• [Exercise details]
Exactly reproduce the lines from the one containing "昼はハンバーグや日替わりのラ" through the last line of the data, both ends included, leaving out pictures.

• [Given data]

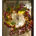 22 Inch Light-Up Christmas Wreath with Red Cranberries, Pinecones & Leaves, Battery Operated LED Lights with Timer
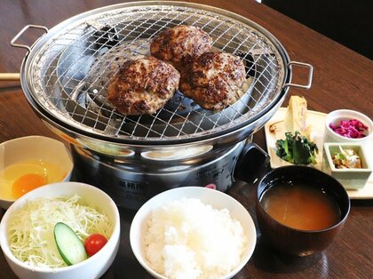 昼はハンバーグや日替わりのランチ、夜は居酒屋として焼き肉や海鮮焼き、多彩な一品料理を味わえる。お子様ランチもそろえるほか、地元産の卵や米粉など素材にこだわった自家製スイーツも充実。子どもから大人まで楽しめる一軒だ。
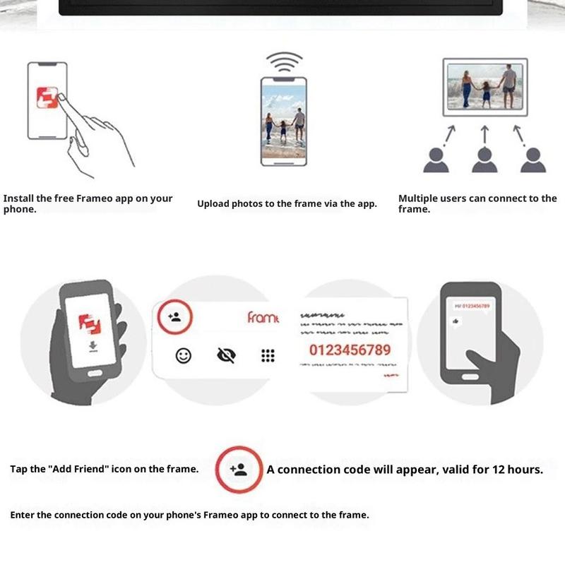 Ta inteligentna ramka na zdjęcia WiFi oferuje elegancki sposób na wyświetlanie wspomnień, łączenie się z rodziną i zachowanie najważniejszych chwil przy życiu - dzięki czemu idealnie nadaje się do domu, biura i przemyślanych prezentów.
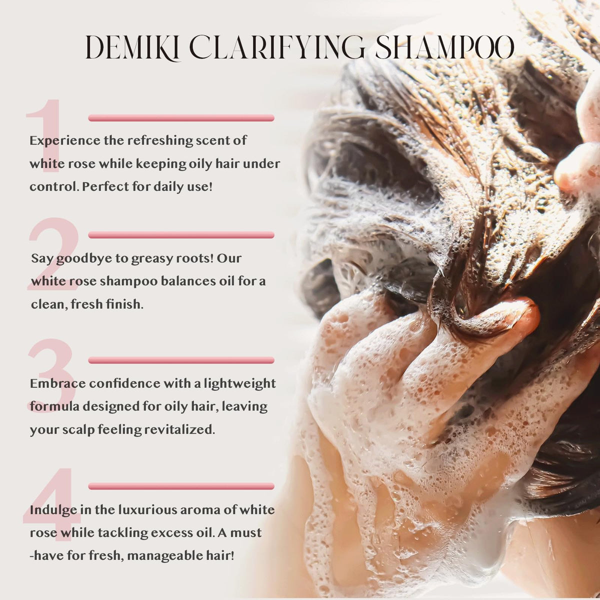 DEMIKI Shampoo for Women | Japanese Shampoo Sulfate Free for Oily Hair | Dye & Paraben Free | Organic Rose-Scented | Clarifying, Moisturizing, Refreshing Natural Hair Care | Anti Dandruff 16oz
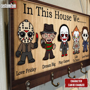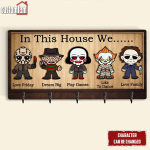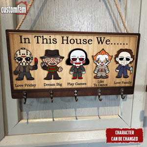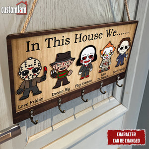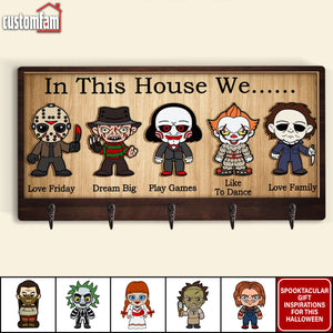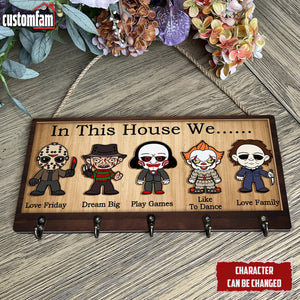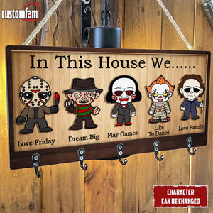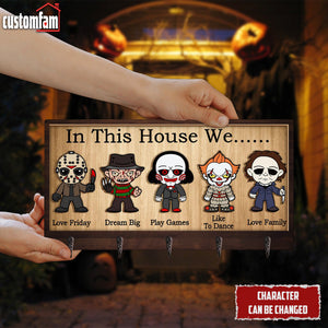 In This House We Horror Personalized Wooden Key Holder, Scary Movies Fan Gifts, Halloween Decor
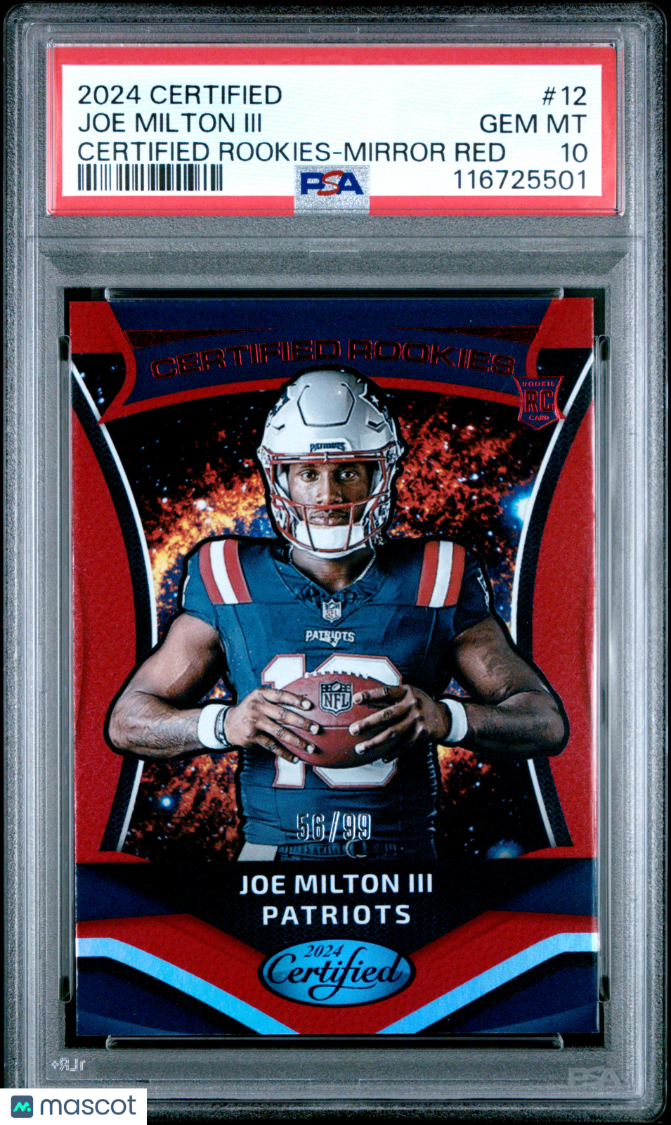 2024 Panini Certified Certified Rookies Joe Milton III #12 Red 56/99 PSA 10

• [Task output]
 昼はハンバーグや日替わりのランチ、夜は居酒屋として焼き肉や海鮮焼き、多彩な一品料理を味わえる。お子様ランチもそろえるほか、地元産の卵や米粉など素材にこだわった自家製スイーツも充実。子どもから大人まで楽しめる一軒だ。
 Ta inteligentna ramka na zdjęcia WiFi oferuje elegancki sposób na wyświetlanie wspomnień, łączenie się z rodziną i zachowanie najważniejszych chwil przy życiu - dzięki czemu idealnie nadaje się do domu, biura i przemyślanych prezentów.
 DEMIKI Shampoo for Women | Japanese Shampoo Sulfate Free for Oily Hair | Dye & Paraben Free | Organic Rose-Scented | Clarifying, Moisturizing, Refreshing Natural Hair Care | Anti Dandruff 16oz
 In This House We Horror Personalized Wooden Key Holder, Scary Movies Fan Gifts, Halloween Decor
 2024 Panini Certified Certified Rookies Joe Milton III #12 Red 56/99 PSA 10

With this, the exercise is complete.